Die Kandidaten für die Sekundarschulbehörde Eschenz (mit Wagenhausen) heissen Zek Oezdemir Bruderer, Martin Dutli und Micaela Plecas (alle aus Eschenz) sowie Bernhard Buchter aus Rheinklingen und Patric Brugger aus Wagenhausen. Ad-Interims-Präsidentin Svensson konnte nicht dabei sein. Marcel Weber stellte sie vor und sagte: «Ich bin mit ihr zur Schule gegangen.» Sie ist in Eschenz aufgewachsen, verheiratet und Mutter zweier Töchter im Teenager-Alter, früher Postangestellte, heute kaufmännisch tätig. Sie wurde als kompetent, teambildend bezeichnet.

Landwirt, Informatiker und Pädagogen

Zek Oezdemir Bruderer ist verheiratet, hat drei Kinder und arbeitet als Informatiker. Dazu ist er in der Lehrlingsausbildung als Experte für Prüfungen tätig. Er ist überzeugt, dass er mit seinem Wissen Wertvolles beitragen könne. Verheiratet ist auch Martin Dutli. Der technische Kaufmann und Vater zweier Kinder sieht seine Kompetenzen für die Schule vor allem im Informatikbereich.

Management-Assistentin Micaela Plecas ist diplomierte Tagesmutter und Mutter zweier Kinder und verheiratet. Ihre Stärken sieht sie in der Kommunikation mit Eltern und Organisationen. Bernhard Buchter ist Landwirt und Direktvermarkter. Ihm liegt am Herzen, dass das hohe Niveau der Sek Eschenz erhalten bleibe. Er ist verheiratet und Vater von drei Kindern. Patric Brugger schliesslich ist Vater von zwei Kindern. Nach Tätigkeiten als Primar- und Kantilehrer ist er nun an der Pädagogischen Hochschule in Kreuzlingen tätig. Er betonte, dass Bildung der Grundstein sei und ihm daher sehr am Herzen liege.

Nach der Vorstellungsrunde fühlte ihnen Moderator Marcel Weber auf den Zahn. Wie es mit den Zeitreserven stehe, wollte er wissen. Es zeigte sich, dass alle ihre Zeit «gut einteilen können und verfügbar sind». Und wie stehe es mit der Belastbarkeit bei Kritik? Auch hier lief alles auf einen guten Konsens bei schwierigen Situationen und Teamarbeit zu gunsten der Kinder hinaus. Martin Dutli: «Ich bin gewohnt, gute Lösungen zu finden.»

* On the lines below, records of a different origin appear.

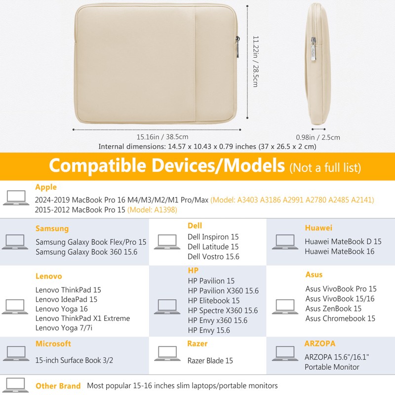 - Slim and Lightweight: External dimensions: 15.16 x 11.22 x 0.98 inches(38.5 x 28.5 x 2.5 cm), internal dimensions: 14.57 x 10.43 x 0.79 inches(37 x 26.5 x 2 cm). Can be easily carried in a briefcase/backpack/traveling case. Worry-free Warranty: You'll get a 12-month worry-free warranty. During this period, if there is any quality problem with the laptop bag, please feel free to contact us directly and our customer service team will respond to you quickly & provide a solution to your satisfaction
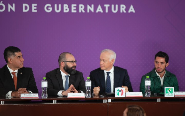 “Nos reunimos con el compromiso de evitar que se generen disputas mezquinas, que surjan fuerzas ajenas a la política y se presenten actos ilegales, engaños e intolerancia”, afirmó ante los dirigentes partidistas que firmaron este acuerdo en la sede del Instituto Electoral del Estado de México (IEEM).
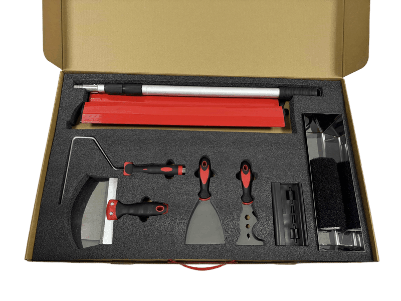 This all-in-one drywall skimming kit contains the most useful 60cm skimming blades, a 70–158cm adjustable telescoping pole, a 7" paint compound roller, a 12” mud pan, a 7" arc bucket scoop, a 4" putty knife, and a 3" multi-purpose taping knife. Designed for superior quality and performance, these blades allow smooth and precise application of joint compound, giving users professional, consistent finishing with every use.

Was ist die Hauptaufgabe  der Schule?

Schliesslich stellte das Publikum seine Fragen: «Was denkt Ihr, ist die Hauptaufgabe in der Schule?» Buchter dazu: «Möglichst gute Rahmenbedingungen für die Kinder. «Und für die Lehrer», ergänzte Oezdemir. Die gesetzlichen Vorgaben umsetzen und die Entwicklung der Kinder gut managen. Dieser Aussage schloss sich Plecas an. Auch Brugger sieht dies ähnlich, ihm ist zudem wichtig, dass es für Lehrer und Jugendliche gute Rahmenbedingungen gibt.

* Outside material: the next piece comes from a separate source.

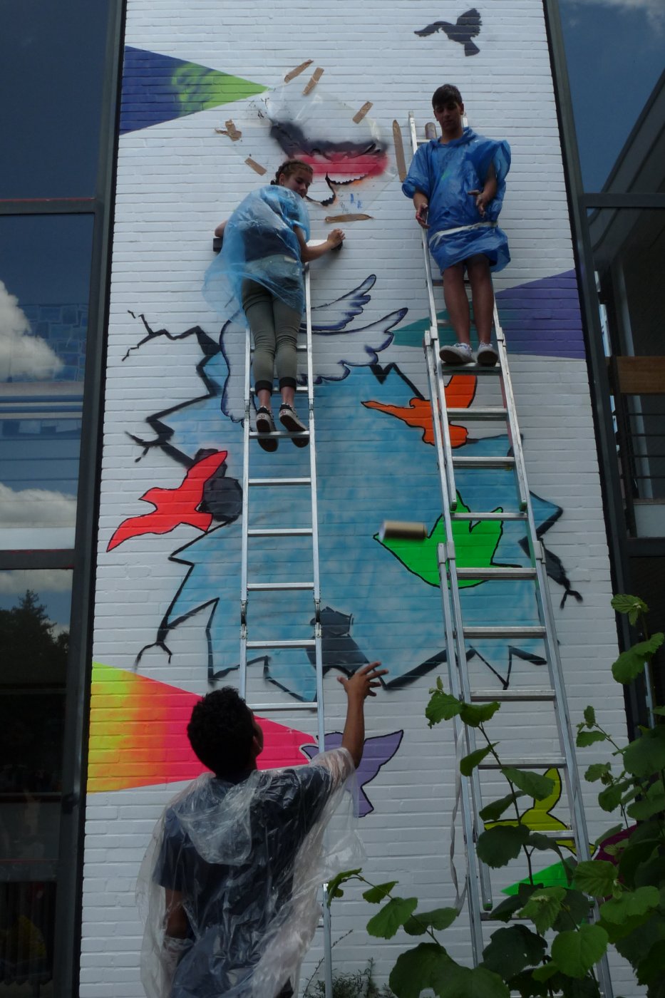 Ab Montag, dem 1. Juli, wurde es kreativ. Denn nun galt es eine Mauer des SSGX künstlerisch nach dem Vorbild Banksys zu gestalten. Unter Aufsicht der Kunstlehrerin Alice Berking und dem niederländischen StreetArt – Künstler Dikkie begannen die Schüler in Zusammenarbeit Motive zu entwerfen. Diese wurden danach in mühsamer Kleinarbeit in Schablonen geschnitten und innerhalb von einem Tag auf die Wand gesprayt.
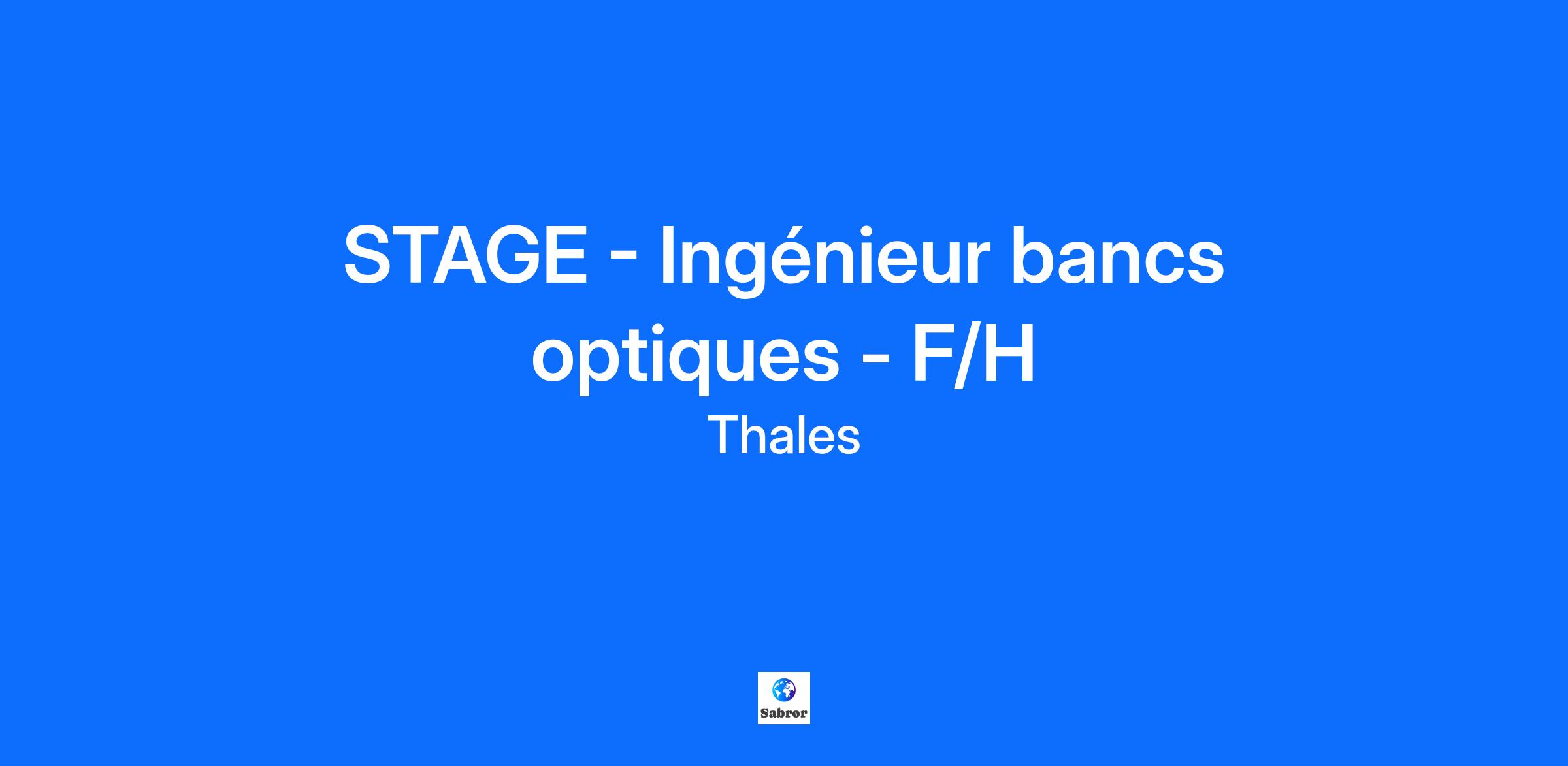 Lieu : Elancourt, France Construisons ensemble un avenir de confiance Thales est un leader mondial des hautes technologies spécialisé dans trois secteurs d’activité : Défense & Sécurité, Aéronautique & Spatial, et Cyber & Digital. Il développe des produits et solutions qui contribuent à un monde plus sûr, plus respectueux de l’environnement et plus inclusif. Le Groupe investit près de 4 milliards d’euros par an en Recherche & Développement, notamment dans des domaines clés de l’innovation tels que l’IA, la cybersécurité, le quantique, les technologies du cloud et la 6G. Thales compte près de 81 000 collaborateurs dans 68 pays. Nos engagements, vos avantages Notre savoir-faire technologique Notre attention portée à l’équilibre des collaborateurs Un environnement inclusif et bienveillant Un engagement sociétal et environnemental reconnu (Thales Solidarity, indice CAC 40 ESG…) Votre quotidien Au coeur de Saint Quentin en Yvelines, le site d'Elancourt est un des centres d’excellence technologique Thales les plus importants. La diversité et la technicité des systèmes et équipements mobilisent des savoir-faire dans plus de 80 métiers dans les solutions de défense, de sécurité de haute technologie et de services numériques. Le Centre de Compétence Technique recherche pour son Bureau d’Etudes Optique, un stagiaire en cycle d'ingénierie optique. Vous serez intégré au Service Bureau Optique de l'activité Systèmes Terrestres et Aériens France Elancourt, vous évoluerez dans un cadre dynamique et motivant. En nous rejoignant, vous vous verrez confier les missions suivantes: Vous serez en charge de participer à des intégrations de bancs optiques Vous serez en charge de mener certaines caractérisations optiques permettant de travailler avec des équipements de métrologie optique variés Votre profil Vous êtes en dernière année de cursus ingénieur en majeure optique / photonique ? Vous avez des connaissances solides en : Optique géométrique Métrologie optique (Zygo,..) Vous savez modéliser certains concepts par calculs optiques ? Vous détenez une certaine appétence pour le travail en laboratoire pour faire de l’intégration opto-mécanique ? Idéalement, vous maîtrisez les outils de modélisation Code V ou Zemax ? Vous savez faire preuve d'un bon niveau scientifique et technique avec des qualités d'analyse, de logique et de rigueur ? Alors ce stage est fait pour vous ! Tous nos stages sont conventionnés et soumis à une gratification dont le montant est déterminé selon votre niveau d’études.Le poste pouvant nécessiter d'accéder à des informations relevant du secret de la défense nationale, la personne retenue fera l'objet d'une procédure d’habilitation, conformément aux dispositions des articles R.2311-1 et suivants du Code de la défense et de l’IGI 1300 SGDSN/PSE du 09 août 2021. Thales, entreprise Handi-Engagée, reconnait tous les talents. La diversité est notre meilleur atout. Postulez et rejoignez nous ! Interested in a CAREER IN THE RAIL transportation sector? To see our jobs in the railway market, please visit our dedicated site here

Wieviel darf die Schule kosten?

Als wunder Punkt erwiesen sich die Finanzen. Ein Votant legte den Finger auf die 200 000 Franken Defizit. Ob eine Steuererhöhung in Sicht sei, kam als Frage auf. Die Antworten folgten umgehend. «Die Schule darf soviel kosten, wie nötig», sagte Dutli. Buchter empfahl, vorerst das neue Modell des Kantons abzuwarten. Oezdemir verwies auf den Gesamtkontext. Die Schule dürfe so viel kosten, dass die Kinder in die Mündigkeit begleitet werden können, sagte Brugger.
Alle Kandidaten erwiesen sich als einsatzstark, differenziert, fähig auf Mängel hinzuweisen, damit die Sek Eschenz stets gute Noten bekommt. Alle glauben genügend Erfahrung gesammelt zu haben, um in der Behörde erfolgreich mitzuwirken.